To sign up and get tested you can be anywhere in the region. Just head to krogerhealth.com/covidtesting to sign up.

But in order to get tested, you have to fit the criteria. That includes having any COVID-19 symptoms like fever or shortness of breath, healthcare workers or first responders who have been exposed or even people with mild symptoms who may have been exposed.

Advanced increased testing capacity is just one of the benchmarks the state needs to meet in order to consider re-opening. Another is the ability to protect the at risk population, like those in long-term-care facilities. Below is the full list;

1. Lower number and rate of new cases

2. Increased testing and tracing capacity

3. More personal protective equipment

4. Ability to protect our at-risk population

5. Ability to social distance and comply with CDC guidelines

6. Preparedness to deal with a possible future spike 

7. The status of vaccines and treatments

Beshear announced forty more residents and six more staff have tested positive, and three more people have died.

The deputy secretary of the Cabinet for Health and Family services, Eric Friedlander, announced about a week and a half ago, the cabinet brought together a task force consisting of Kentucky experts to provide new recommendations. Friedlander says that's crucial, because there are things seen in many people that aren't as common in these at risk groups, like fevers. Now this group is raising new questions.

"And they've looked at what are the unique features of these populations," Friedlander said. "When do you transfer somebody? When do you have somebody in a facility? When do you bring folks together? It's called cohorting, within a facility, that you bring the positive folks together and separate them from the rest of the facility."
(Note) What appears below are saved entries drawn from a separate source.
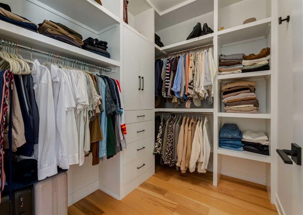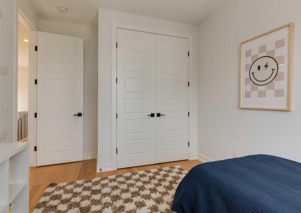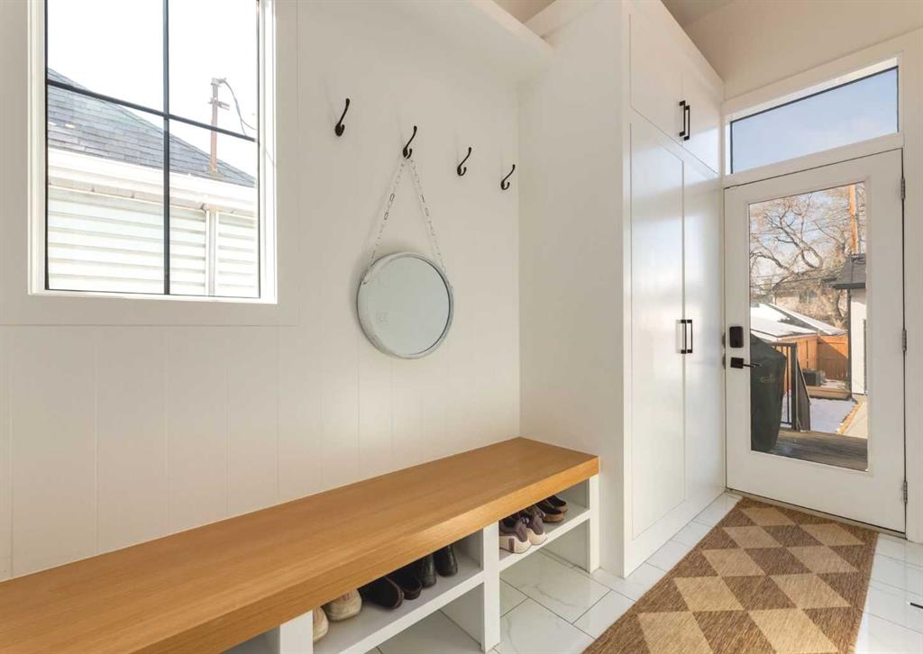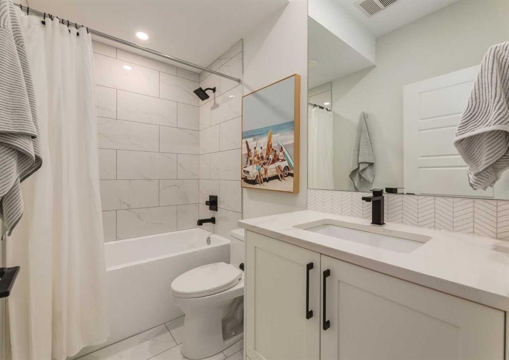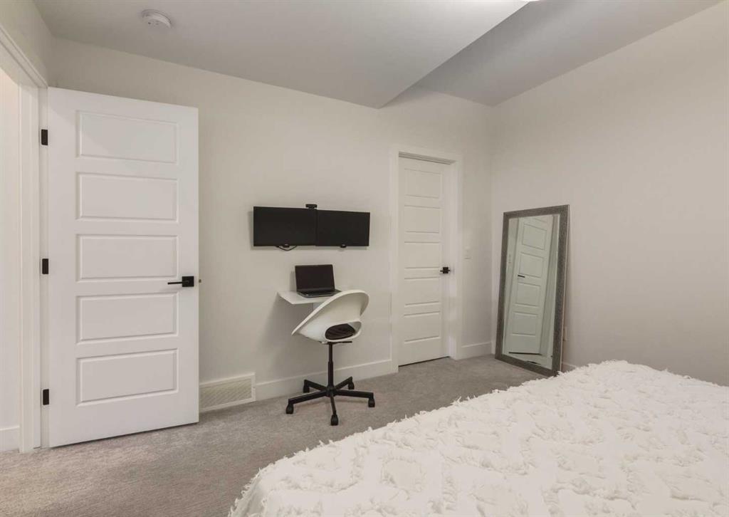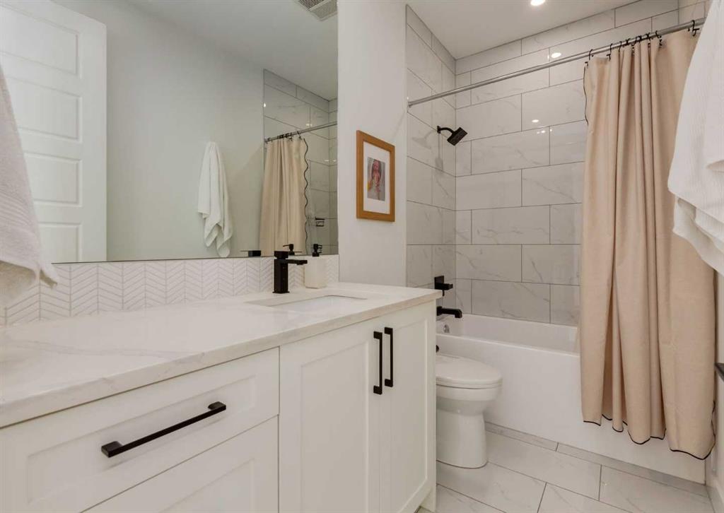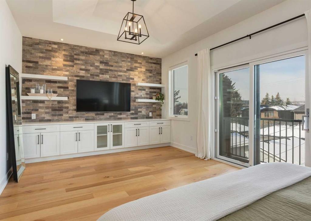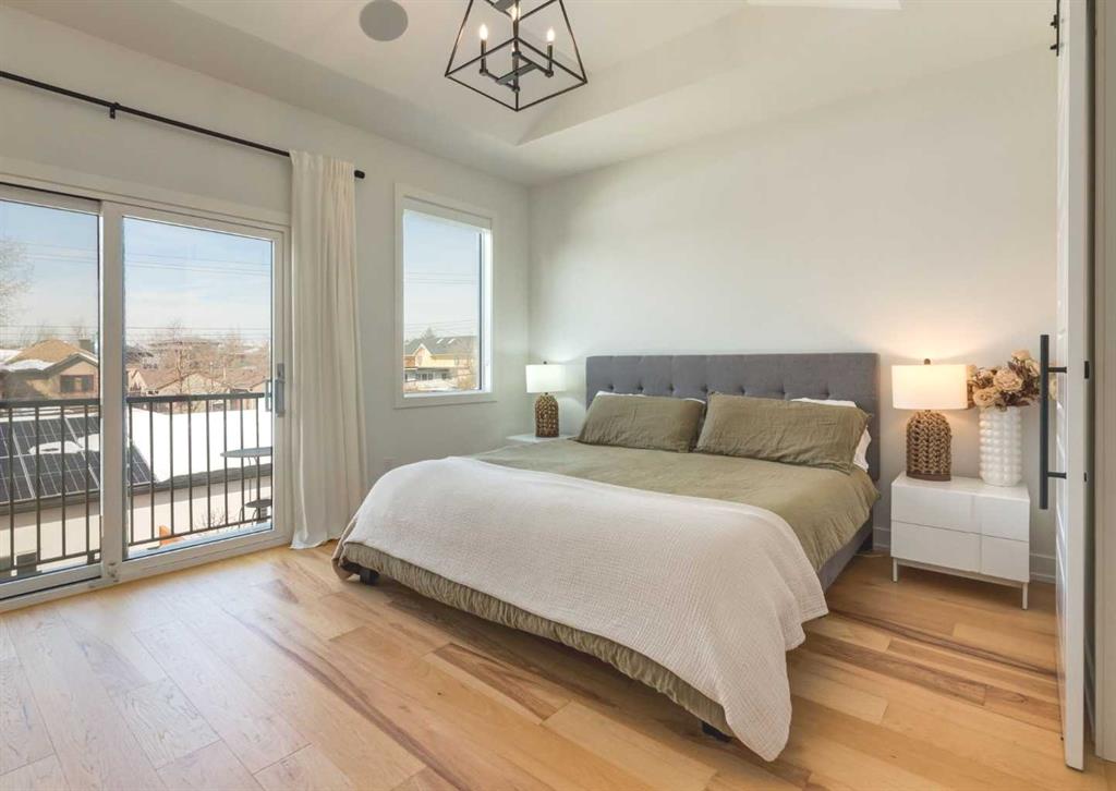 The upper level features three generous bedrooms, including a primary sanctuary with a private Romeo & Juliet balcony, vaulted ceiling, custom built-ins, and a spa-like 5-piece ensuite with heated floors, a deep soaker tub, and a walk-in shower. A dedicated laundry room with side-by-side machines, sink, and folding counter adds daily convenience.
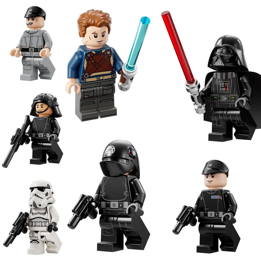 Zu den Minifiguren: Wir bekommen zum 25. Geburtstag der LEGO Star Wars Franchise eine exklusiveCal Kestis Minifigur ergänzt durch Darth Vader, Commander Praji, Imperial Gunner, Imperial Navy Trooper, Crew Member und einen Stormtrooper. Hierbei dürfte Kestis, ein fiktiver Charakter stammend aus dem Videospiel Jedi Survivor, besonders begehrt sein.
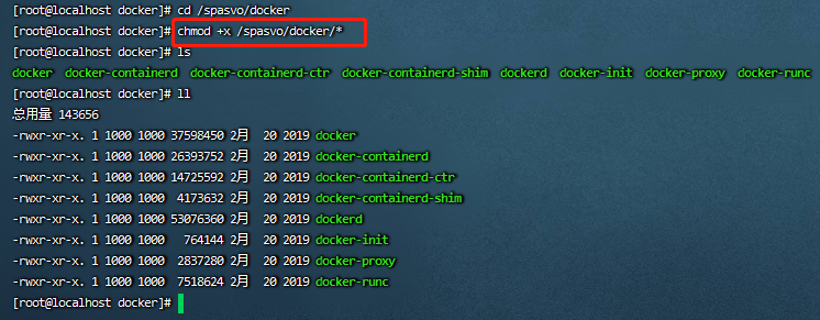 先将docker离线安装包上传至服务器,解压并赋予权限;
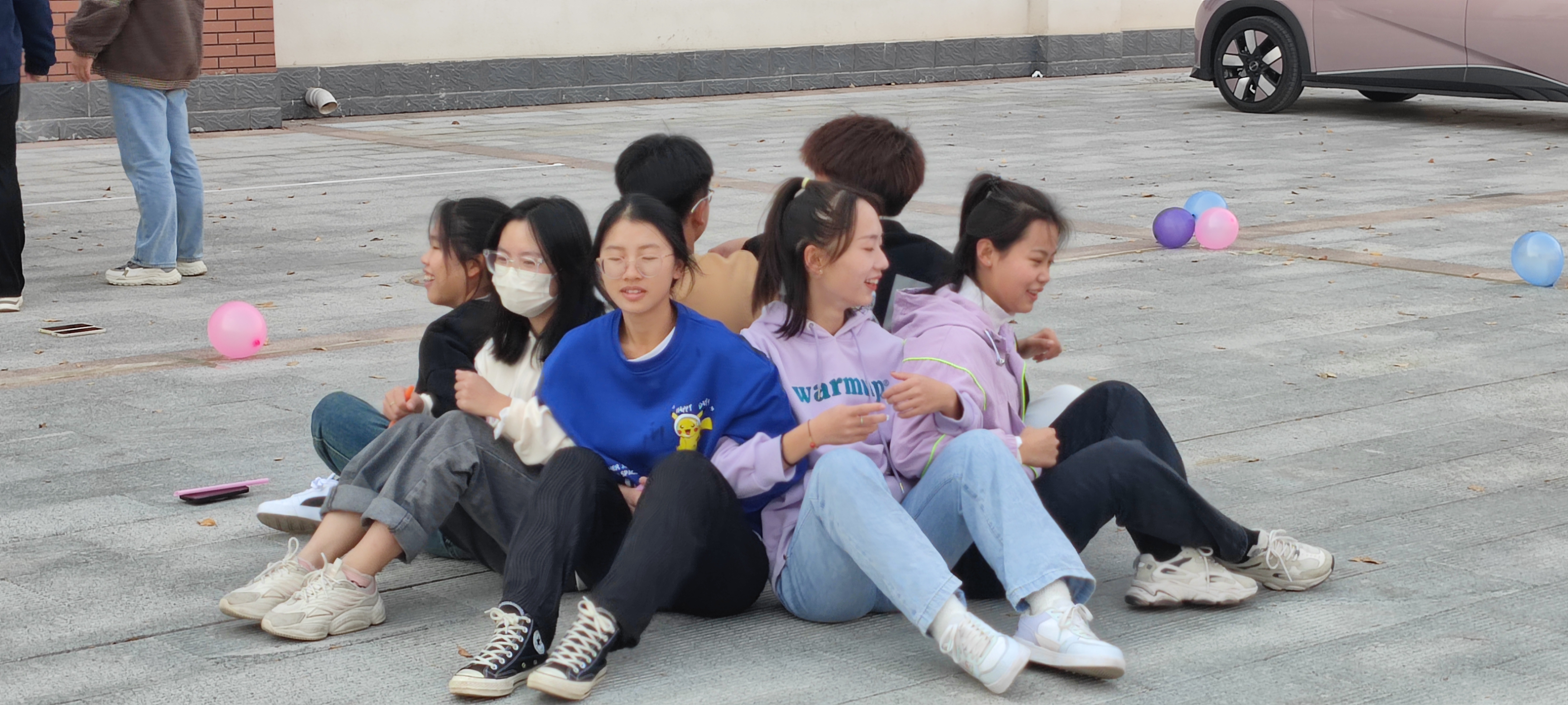 活动开始前各班学生自行组队,并为队伍取好队名。在工作人员的协助下,组织开展摸石过河、不到森林、吸管运输、坐地起身等系列游戏,在活动过程中,同学们热情高涨,积极参与,各团队团结协作、争先创优,大家一片欢声笑语,其乐融融。

They are already starting to make changes to their policies.

"We've talked about and are going to change some of our Medicaid policies around how long we hold beds and facilities, how long we hold beds in hospitals," Friedlander said.

Aside from those being cared for at these facilities, they are also considering changes for staff and how they are cared for, in order to slow down the spread of this virus as much as possible.